В полумраке освещенной лишь одними горящими свечами большой каюте передо мной извивалась не жалея себя и выкладываясь на всю катушку в своем танцевальном умении в танце живота полуголая невероятной красоты брюнетка танцовщица. Блистая своей красотой ровного плотного почти черного на бархатистой нежной девичьей молодой коже загара. Лоснясь и переливаясь ей в огне таящих и пылающих в золотых подсвечниках свечей всем своим измазанным с ног до головы пальмовым скользким маслом. Как дикая неукротимая сверкая своей переливающейся чешуей любвеобильная змея.
Звенели громко чашечки сагаты в ритм громыхающих барабанов и лилась заунывно и тоскливо восточная плаксивая флейта.
Я не лицезрел в жизни ничего более красивого.
И это шло ей, моей красавице и любовнице Джейн как никому другому. Как ей все ее купальники. К ее гибкой идеальной и стройной молодой латиноамериканки фигуре.
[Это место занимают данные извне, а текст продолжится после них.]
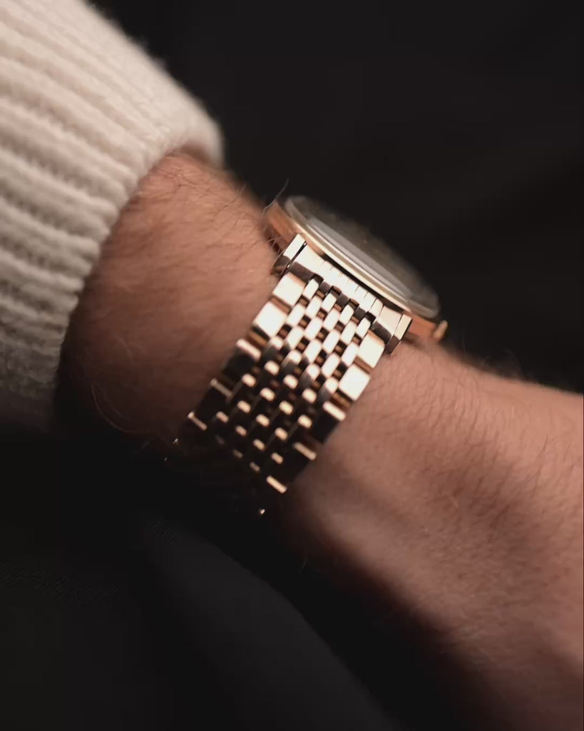 Alimentato dal Calibro 561 automatico con certificato di cronometro, questo orologio combina affidabilità e lusso tranquillo. E la vera ciliegina sulla torta: un raro bracciale abbinato placcato oro rosa "Beads of Rice", che completa il pezzo con la grazia tipica di Omega.
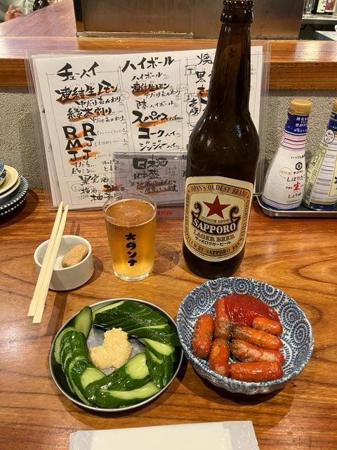 地下へ降りると、立ち飲みスペースとテーブル席がありましたが、もちろん私は立ち飲みを選択。
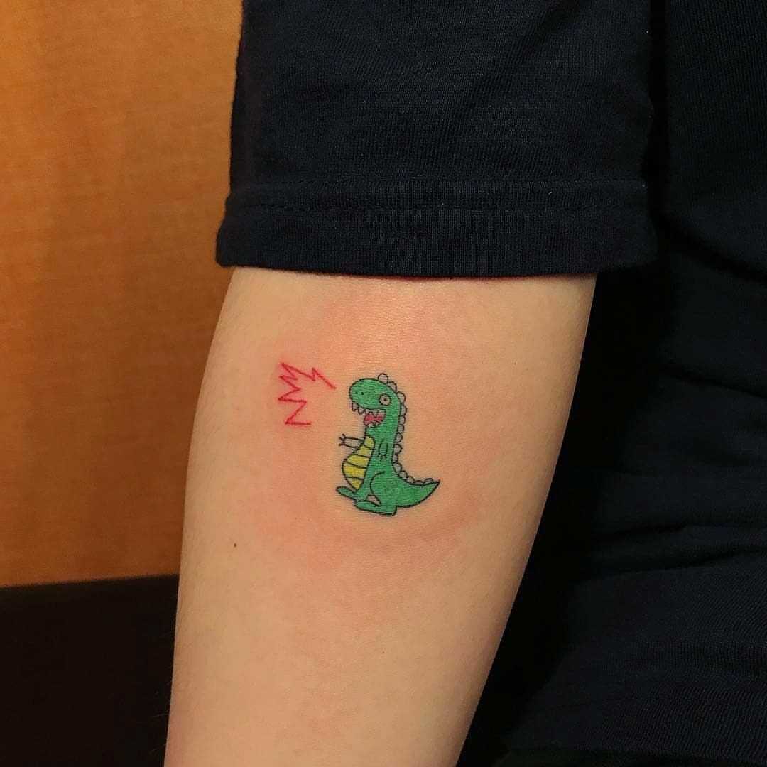 Тату с изображением динозаврика, который похож на героя какого-либо мультфильма или комикса, толкуется как символ доброй, весёлой личности, которая всегда находится в мажорном настроении и оптимистично верит в счастливое будущее. Обладатель этой татуировки — экстраверт, готовый в любой момент прийти вам на помощь.
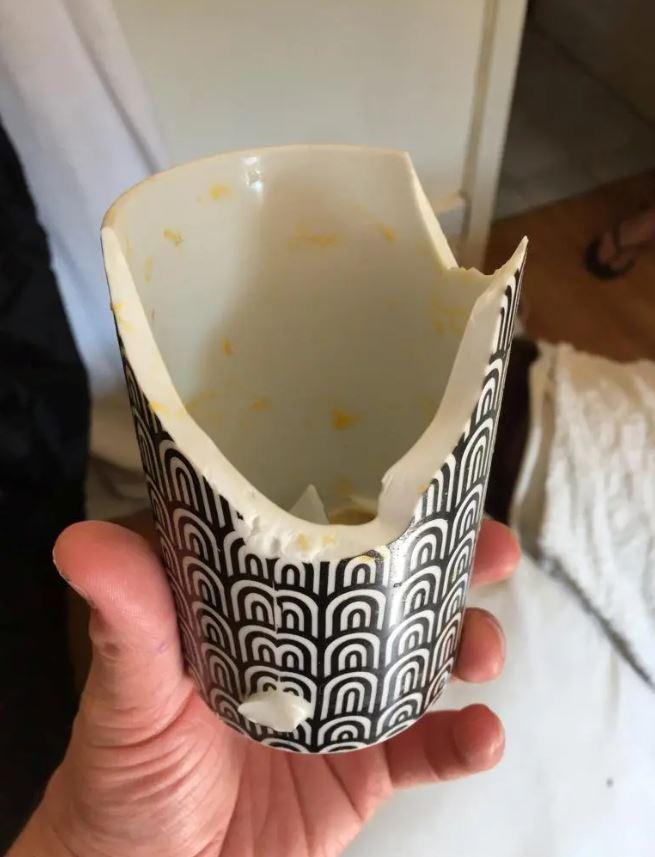 Por pasi e hoqi përzierjen nga mikrovala dhe e preku vezën me një lugë të ftohtë, veza shpërtheu duke i shkaktuar djegie të rënda në fytyrë.
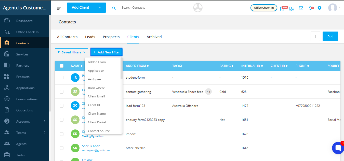 Here are some filter options we provide in Agentcis:
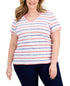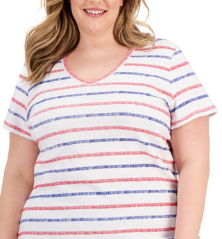 Karen Scott Women's Printed V Neck T-Shirt Red Size 1X
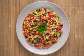 Zdjęcie "Quinoa i sałatka z czarnej fasoli" może być wykorzystywane do celów osobistych i komercyjnych zgodnie z warunkami zakupionej licencji Royalty-free. Obraz jest dostępny do pobrania w jakości wysokiej rozdzielczości do 5760x3840.
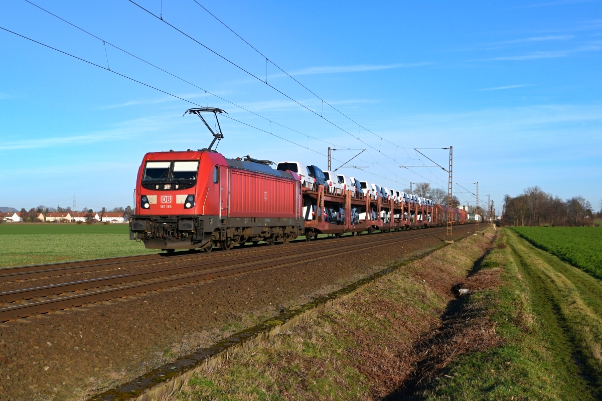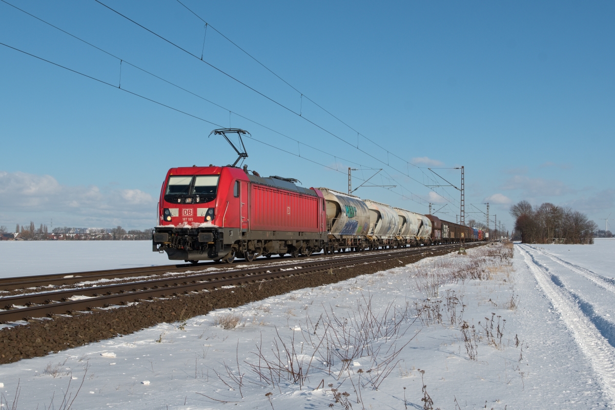 Dto. 187 185-4 am 12.02.2021 bei Lindhorst (HLH) Vornhagen mit einem EZ Rtg.

Казалось, она была рождена именно и только для этого. Для этого танца живота. И дикой необузданной и развращенной безудержной греховной любви, и будущего материнства.
По своей сути женщина и должна быть такой и таковой. Ее такой создал сам Бог, как и мужчину, что должен стать ее будущим отцом детей. И о будущем рождении которых, уже мечтал я.
Это было именно ее. Возможно, это даже был Божественный дар. Но Боже! Как это было все красиво! Моя Джейн. Моя пиратка и русалка Нимфа Посейдона, Джейн Морган! Сейчас еще и королева эротического восточного беллидэнса. Танца живота.
Это выглядело как некий волшебный колдовской обряд. Некое колдовское порабощение. Мое, и меня. Порабощение моего разума и сердца.
Джейн знала, что сейчас творила и делала. Женщина южных латиноамериканских горячих кровей. Ее ревность была не беспочвенна. И она доказывала сейчас мне это в этом любвеобильном завораживающим рассудок мужчины танце. Практически нагая. Вся перемазанная с ног до головы и миленького смуглого девичьего личика пальмовой маслянистой, впитавшейся в ее загорелую до угольной черноты нежную девичью бархатистую и без того гладкую идеальную кожу, скользкой блестящей смазкой. В этом своем восточной танцовщицы золоченом красивом наряде. Вероятно дорогом, и сделанном на заказ. Вместе с золочеными на высокой шпильке туфлями, коих я ранее еще в платенном шкафу моей красавицы Джейн не видел. Как не видел такого шикарного ее танцевального наряда. Да и, вообще, здесь вокруг всего.
Это все хранилось отдельно и от основной ее одежды. Вероятно в другой жилой каюте и тайком. Она берегла этот обалденный сверкающий золотом костюм и туфли. Вероятно как память.
Джейн потом мне призналась, что порой вспоминая прошлое, и когда была чуть моложе, здесь на яхте уже в океане сама с собой занималась беллидэнсом. Чтобы не терять свою форму и умение. А вдруг пригодиться. И вот пригодилось. Теперь это очаровывало меня и сводило с ума как сама красота моей девочки и страстной любовницы Джейн.
Теперь все для одного меня. Русского моряка Владимира Ивашова.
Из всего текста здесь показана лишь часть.